* Dataset excerpts:
###

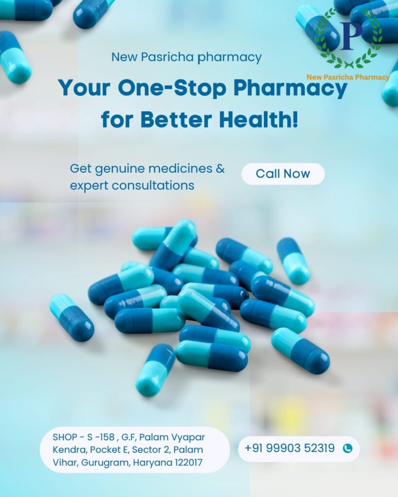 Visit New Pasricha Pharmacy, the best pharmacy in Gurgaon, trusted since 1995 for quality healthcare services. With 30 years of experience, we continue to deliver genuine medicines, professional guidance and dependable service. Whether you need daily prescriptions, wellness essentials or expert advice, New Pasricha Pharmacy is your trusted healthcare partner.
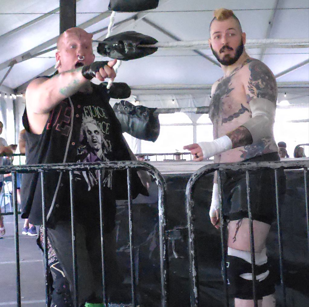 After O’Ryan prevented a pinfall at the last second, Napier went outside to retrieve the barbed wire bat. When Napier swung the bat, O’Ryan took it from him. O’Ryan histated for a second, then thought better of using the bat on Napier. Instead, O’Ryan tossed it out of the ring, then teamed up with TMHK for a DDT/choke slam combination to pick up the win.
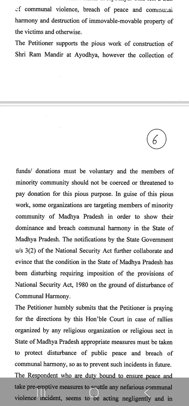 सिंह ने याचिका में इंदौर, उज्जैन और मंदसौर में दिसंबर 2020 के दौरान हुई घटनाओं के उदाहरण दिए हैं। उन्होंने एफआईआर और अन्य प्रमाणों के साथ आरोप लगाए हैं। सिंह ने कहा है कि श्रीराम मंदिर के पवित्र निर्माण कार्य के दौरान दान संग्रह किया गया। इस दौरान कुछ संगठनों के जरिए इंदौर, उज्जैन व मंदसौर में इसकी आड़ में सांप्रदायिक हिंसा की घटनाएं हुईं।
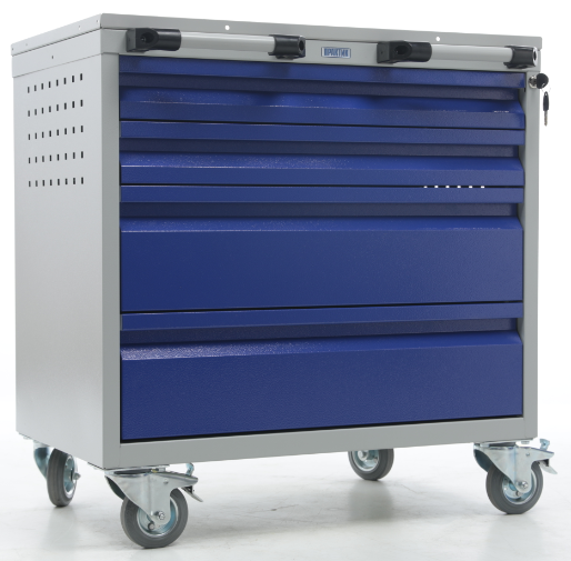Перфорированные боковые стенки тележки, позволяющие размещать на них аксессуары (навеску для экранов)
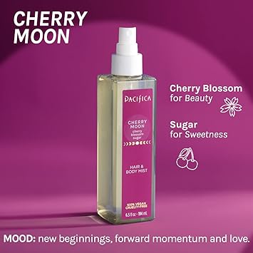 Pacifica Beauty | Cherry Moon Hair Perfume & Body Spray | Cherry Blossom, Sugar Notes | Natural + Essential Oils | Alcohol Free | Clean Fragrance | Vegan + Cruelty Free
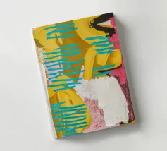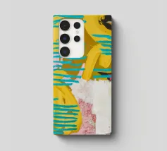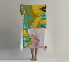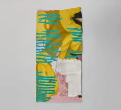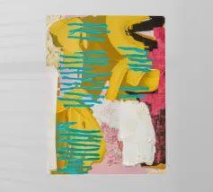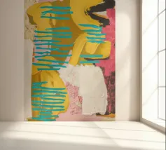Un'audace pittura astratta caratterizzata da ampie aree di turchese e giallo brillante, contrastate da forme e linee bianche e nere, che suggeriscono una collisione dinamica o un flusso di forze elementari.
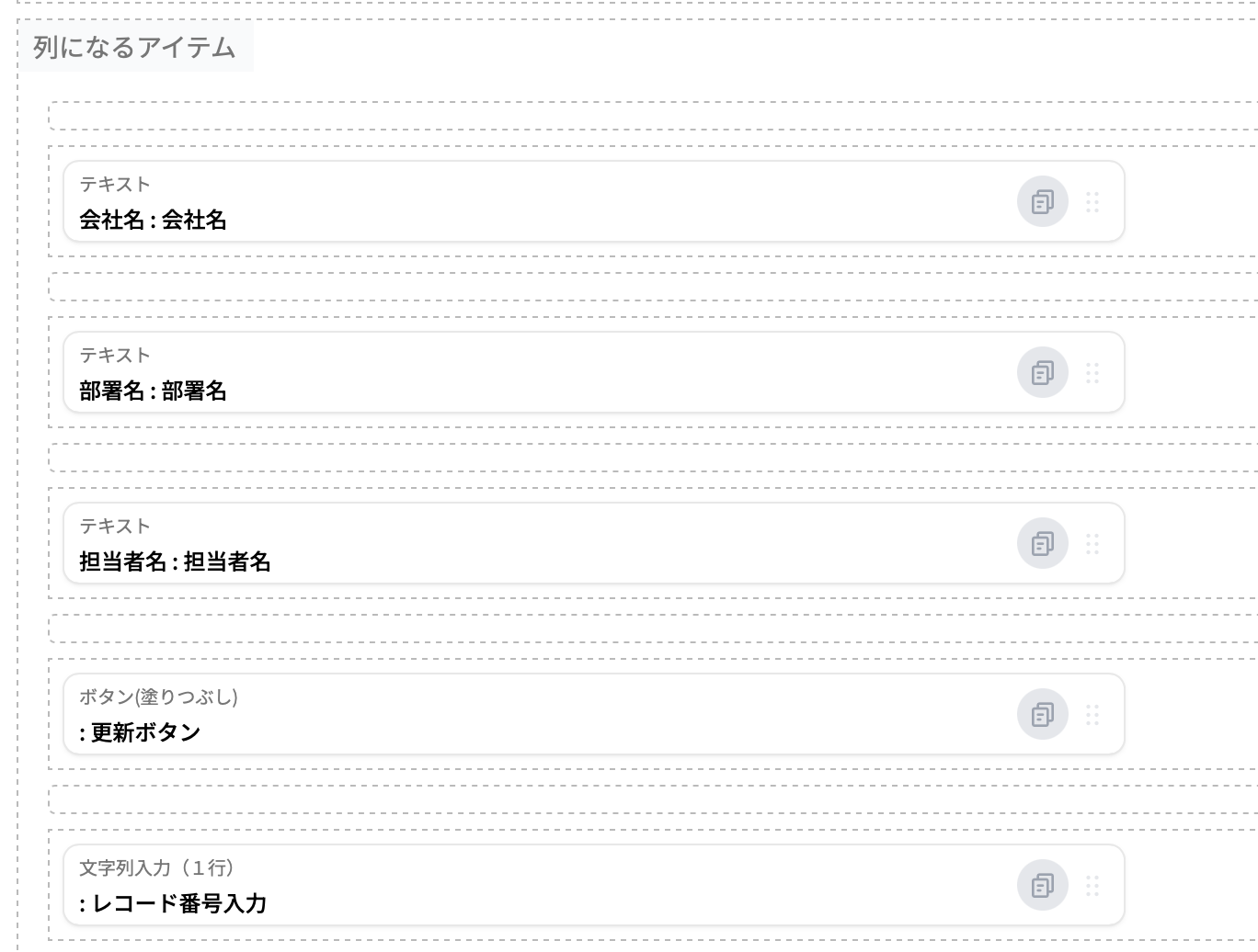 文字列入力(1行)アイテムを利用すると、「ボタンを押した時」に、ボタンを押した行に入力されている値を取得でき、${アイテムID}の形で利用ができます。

###

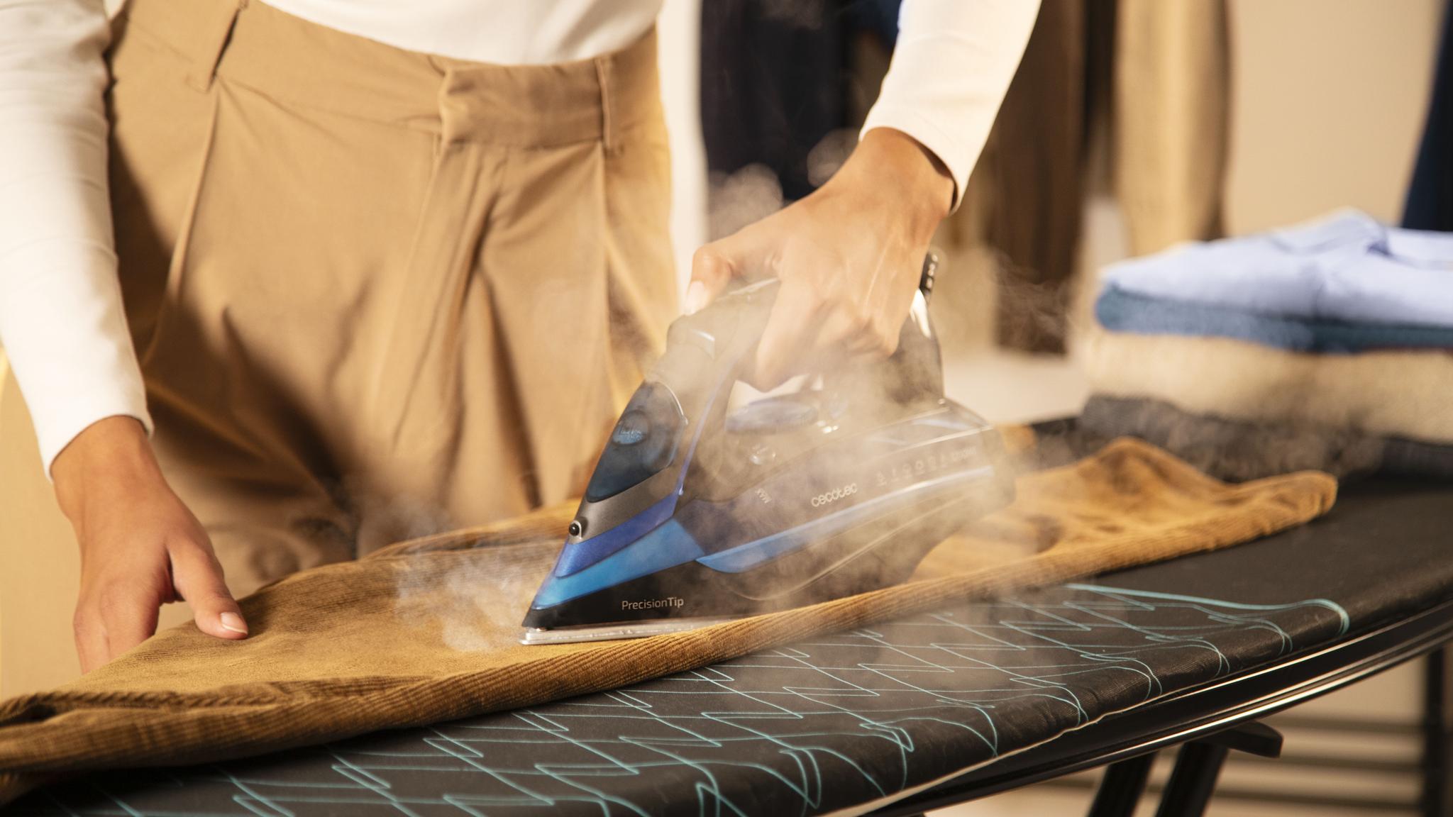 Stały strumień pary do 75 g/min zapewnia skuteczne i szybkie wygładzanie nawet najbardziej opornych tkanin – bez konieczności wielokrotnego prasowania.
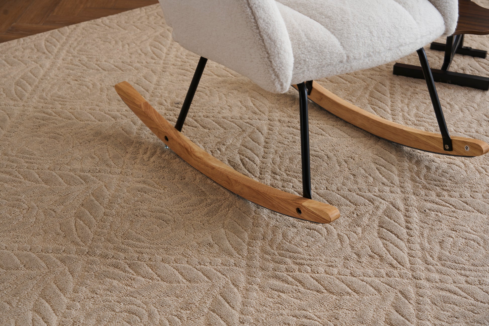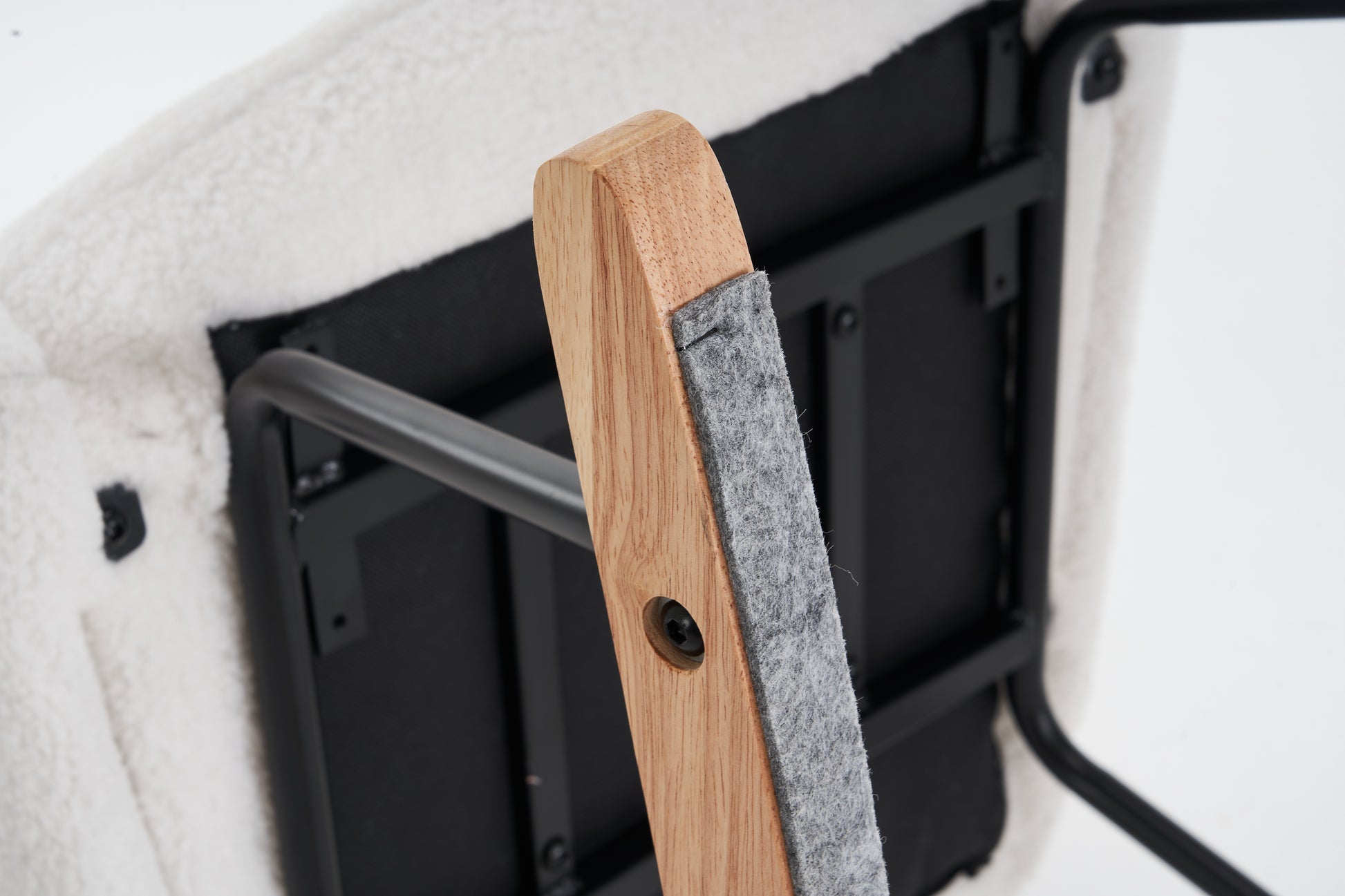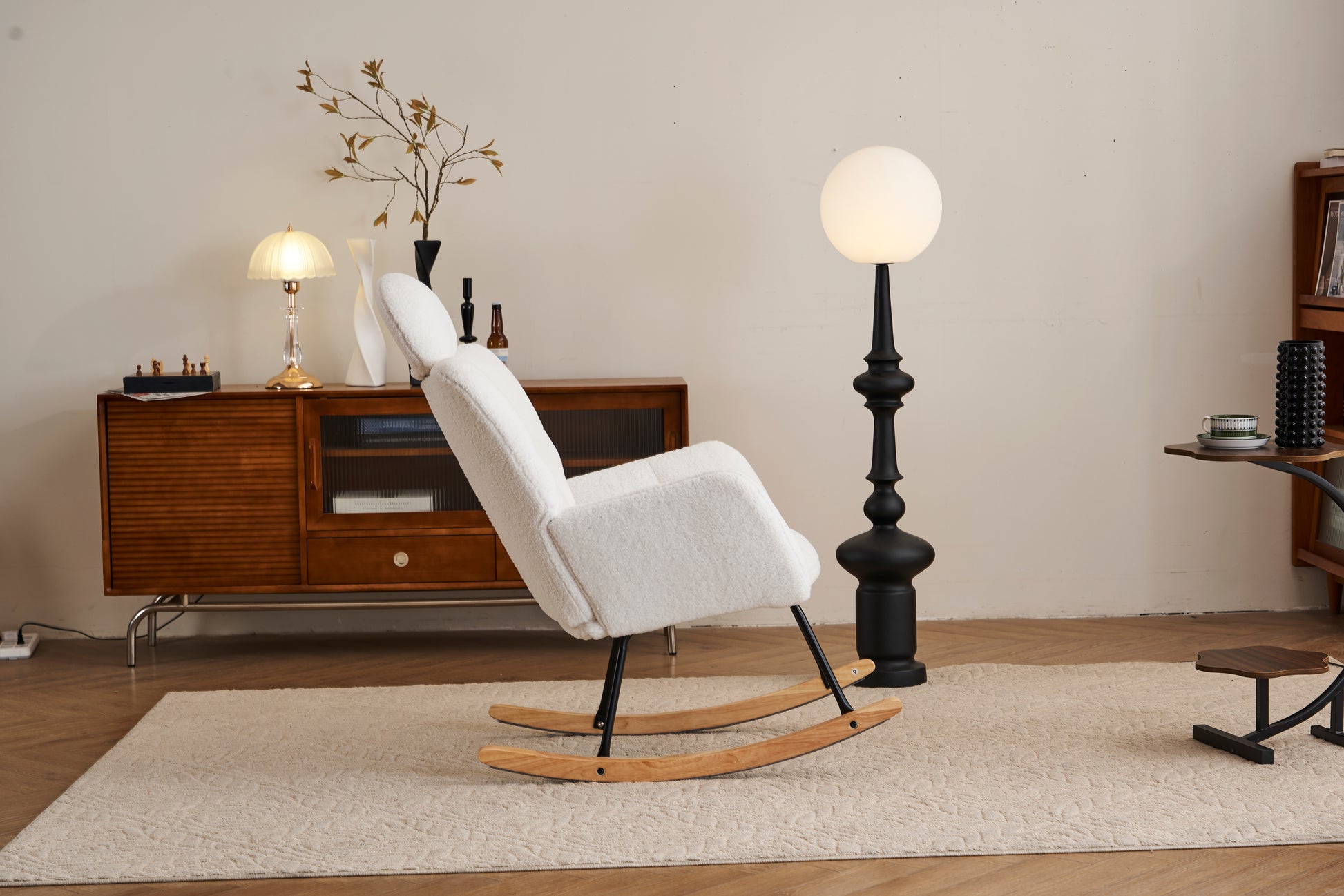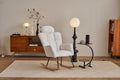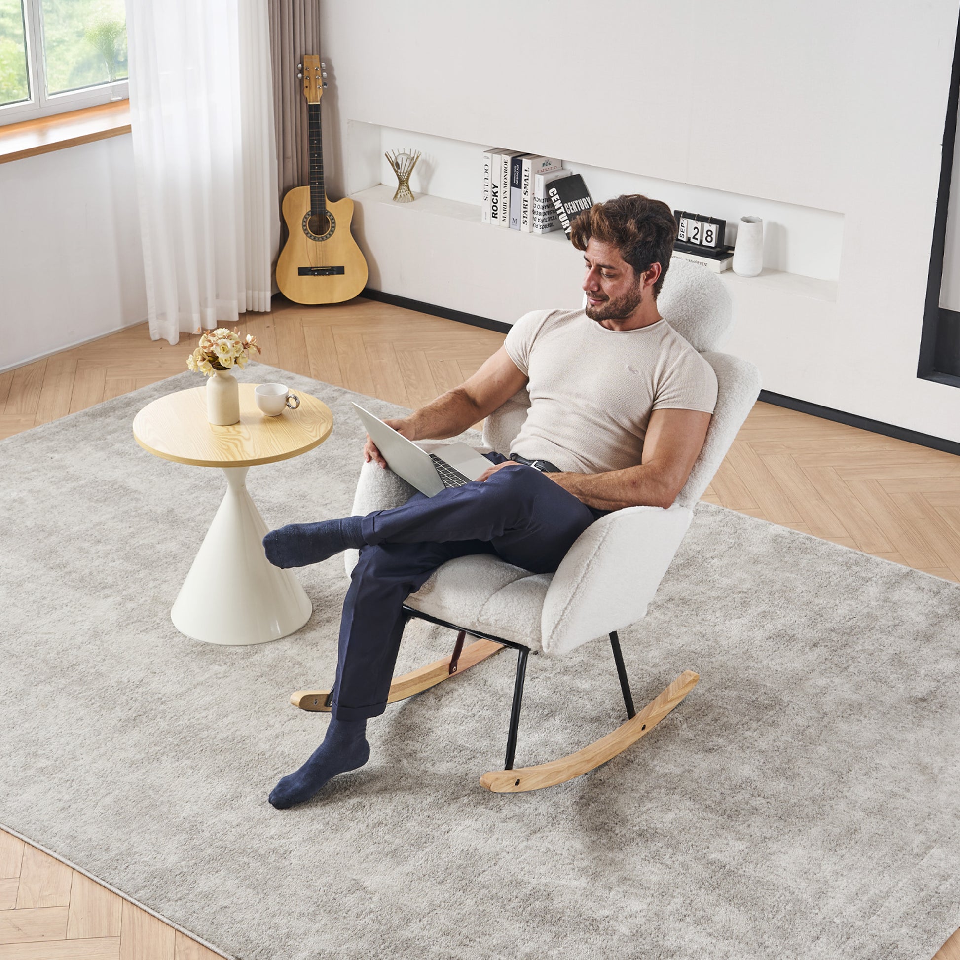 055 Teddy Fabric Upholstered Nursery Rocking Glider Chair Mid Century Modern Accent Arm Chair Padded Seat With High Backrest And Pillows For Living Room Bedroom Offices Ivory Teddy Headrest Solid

###

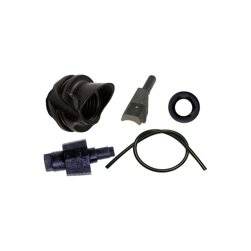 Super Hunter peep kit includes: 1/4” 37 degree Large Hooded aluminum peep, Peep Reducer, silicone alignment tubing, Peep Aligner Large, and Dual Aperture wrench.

###

What is needed is an exact copy of the lines above, from the one holding "Un'audace pittura astratta" down to the one holding "文字列入力(1行)アイテムを", with those two included and the pictures left out.

* Response area:
Un'audace pittura astratta caratterizzata da ampie aree di turchese e giallo brillante, contrastate da forme e linee bianche e nere, che suggeriscono una collisione dinamica o un flusso di forze elementari.
 文字列入力(1行)アイテムを利用すると、「ボタンを押した時」に、ボタンを押した行に入力されている値を取得でき、${アイテムID}の形で利用ができます。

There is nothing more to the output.